That's just the new FEMA camps.


----------



## Prepadoodle (May 28, 2013)

Before assuming it's something sinister, we should investigate some other possibilities.

Manufacturers like to run a production line full bore once it's set up. Is there a chain link fence manufacturer in your area? It could be that they simply decided to run a years's worth of product in advance in order to cut their production costs. If so, they would need a place to store the production. If that land wasn't being used, they might have made a deal with the owner such as, "We'll pay the taxes on that property if you let us store our fencing there." Deals like this aren't that uncommon and benefit both parties.

I'm not saying this is definitely the case here, but it's a possibility one should consider.

There might be a sign on the gate. Go see if there is and what it says.

Without more information, there's not much else to say. <shrug>


----------



## Arklatex (May 24, 2014)

Well Jade Helm kicks off tomorrow... and James is right! Make sure all your mags are loaded and yall be ready to mosey on up 59 to casa de Arklatex. We will make our stand here. DHS can kiss my white ass!


----------



## AquaHull (Jun 10, 2012)

Arklatex said:


> Well Jade Helm kicks off tomorrow... and James is right! Make sure all your mags are loaded and yall be ready to mosey on up 59 to casa de Arklatex. We will make our stand here. DHS can kiss my white ass!


Don't have enough ammo for that


----------



## alterego (Jan 27, 2013)

AquaHull said:


> Don't have enough ammo for that


Mmmm,?


----------



## sideKahr (Oct 15, 2014)

I think it must be...


----------



## Stick (Sep 29, 2014)

Lots more fighters going over lately. Once a week or so is normal, it's been daily for a week or so now. Today four went over low and fast and they were doing dogfight stuff just a few miles away. There is often distant jet engine background noise. My dog thinks it's great. Chases after them barking and when they disappear over the next range comes back all swaggering and spikey...Nyaaaah they ain't so tough, look at 'em go!! As they used to be so fond of saying on the old Combat! TV show...We're like sittin' ducks out here.


----------



## Camel923 (Aug 13, 2014)

It is just part of the deal with Iran. Move along citizen. Nothing to see here.


----------



## Piratesailor (Nov 9, 2012)

L


Prepadoodle said:


> Before assuming it's something sinister, we should investigate some other possibilities.
> 
> Manufacturers like to run a production line full bore once it's set up. Is there a chain link fence manufacturer in your area? It could be that they simply decided to run a years's worth of product in advance in order to cut their production costs. If so, they would need a place to store the production. If that land wasn't being used, they might have made a deal with the owner such as, "We'll pay the taxes on that property if you let us store our fencing there." Deals like this aren't that uncommon and benefit both parties.
> 
> ...


No real manufacturing in that area however I think it's because they are starting to convert the astrodome and the fencing is for the construction site. Guess we'll wait and see.


----------



## Prepared One (Nov 5, 2014)

Piratesailor said:


> L
> 
> No real manufacturing in that area however I think it's because they are starting to convert the astrodome and the fencing is for the construction site. Guess we'll wait and see.

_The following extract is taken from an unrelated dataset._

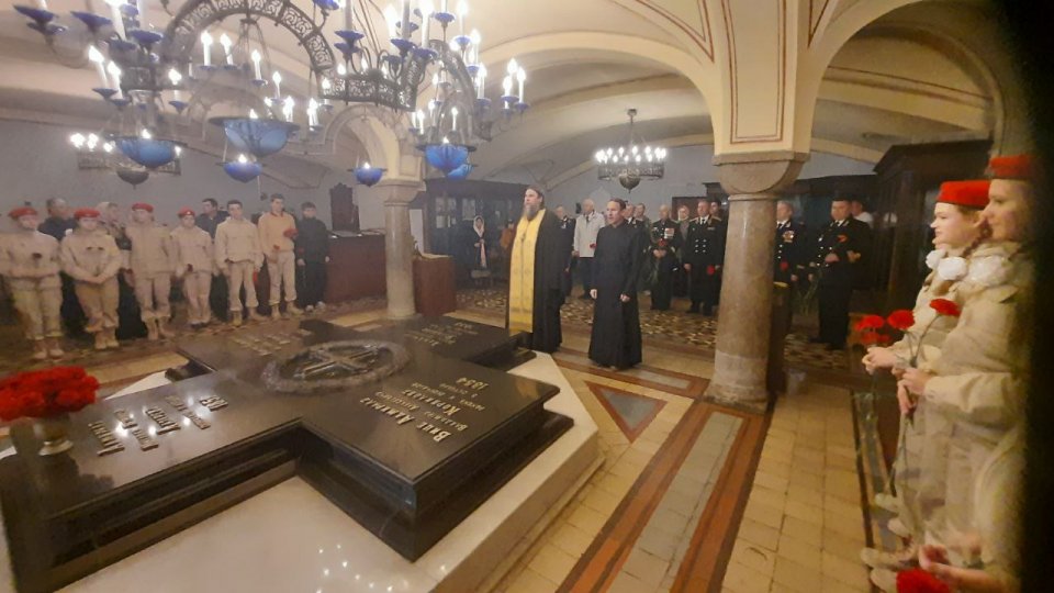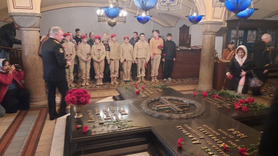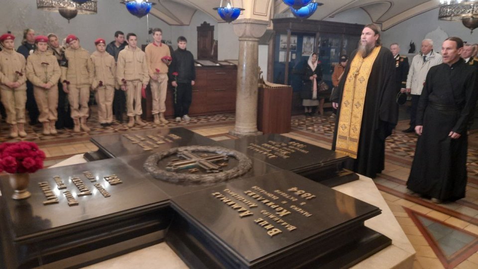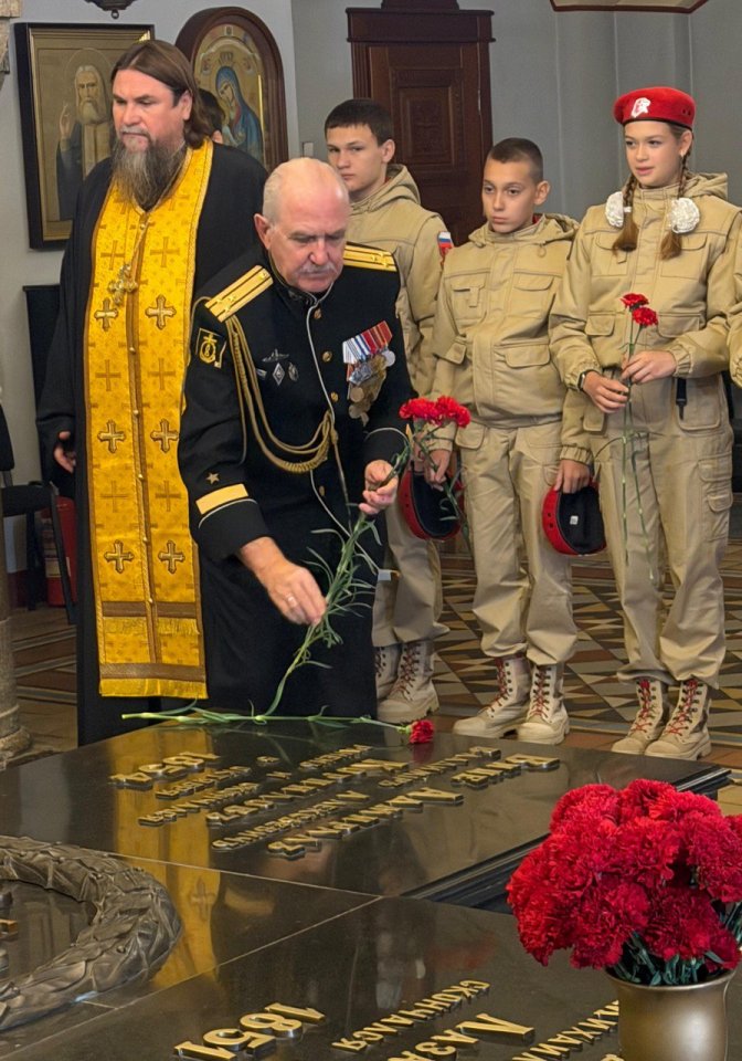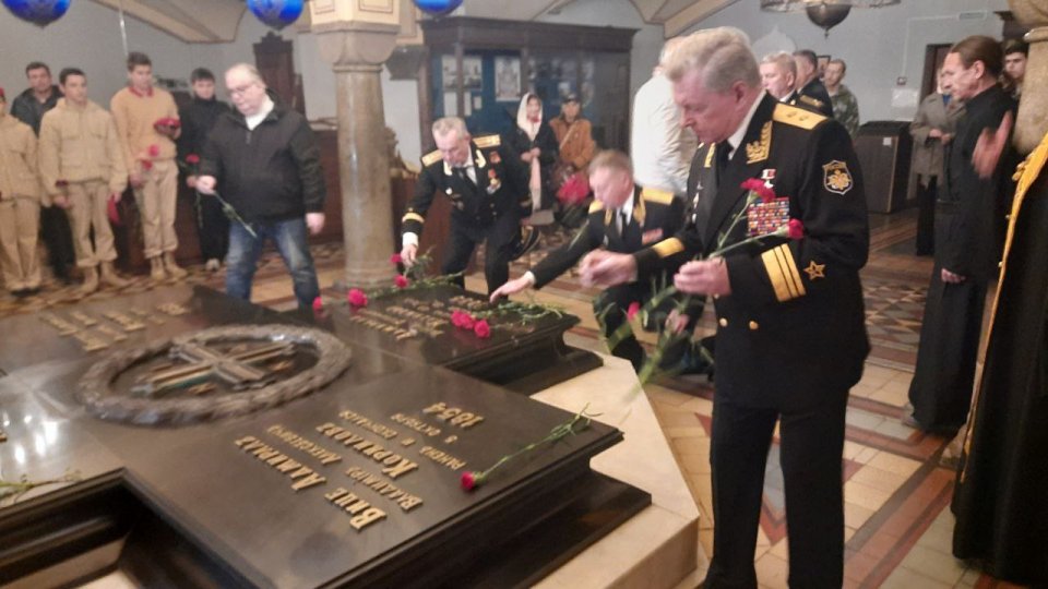 За богослужением молились офицеры Черноморского флота, представители музея обороны и освобождения Севастополя, юнармейцы. По окончании молебна все спустились в нижний храм собора, крипту, где отец Сергий Халюта пропел вечную память Павлу Степановичу Нахимову. Затем все присутствующие возложили цветы к месту упокоения великих русских адмиралов.

I actually thought of that. That and Prepadoodle's explanation is plausible. Have they actually decided what to do with the Astrodome? I never heard.


----------



## Slippy (Nov 14, 2013)

I agree with Pirate Sailor on this possibly being a staging area for construction materials. But, I'd check it out in another week or two. It may be a staging area for military vehicles and equipment for Jade Helm. Keep us posted PO.


----------



## Prepared One (Nov 5, 2014)

Will do Slippy. I wasn't aware that they had decided on what to do with the old Astrodome. Been empty and they have been arguing over it for years. I don't know why they don't tear the the thing down. But that seems like the most likely use for all that fencing.


----------



## Slippy (Nov 14, 2013)

I saw my first game at the Astrodome in '86. At the time, it was still a great ballpark to watch a game, especially in the hot Houston summertime.


----------



## Arklatex (May 24, 2014)

Prepared One said:


> Will do Slippy. I wasn't aware that they had decided on what to do with the old Astrodome. Been empty and they have been arguing over it for years. I don't know why they don't tear the the thing down. But that seems like the most likely use for all that fencing.

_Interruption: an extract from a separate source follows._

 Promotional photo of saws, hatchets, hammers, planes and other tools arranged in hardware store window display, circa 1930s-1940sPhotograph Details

I watched as they imploded the old texas stadium. If that's what they're up to its worth a watch. They will sell the old seats first. My brother bought some.


----------



## Slippy (Nov 14, 2013)

If they implode the Astrodome, they better get Nolan Ryan to push the button. That would be cool...or better yet have the old man throw a "90 mph heater" and hit the button that implodes the 'Dome. That's my vote!



Arklatex said:


> I watched as they imploded the old cowboys stadium.
> 
> I watched as they imploded the old texas stadium. If that's what they're up to its worth a watch. They will sell the old seats first. My brother bought some.


----------



## Prepared One (Nov 5, 2014)

Yep. Old Nolan Ryan is still a king here in the area. That would be cool to watch him push the button.


----------



## Arklatex (May 24, 2014)

Prepared One said:


> Yep. Old Nolan Ryan is still a king here in the area. That would be cool to watch him push the button.





Slippy said:


> If they implode the Astrodome, they better get Nolan Ryan to push the button. That would be cool...or better yet have the old man throw a "90 mph heater" and hit the button that implodes the 'Dome. That's my vote!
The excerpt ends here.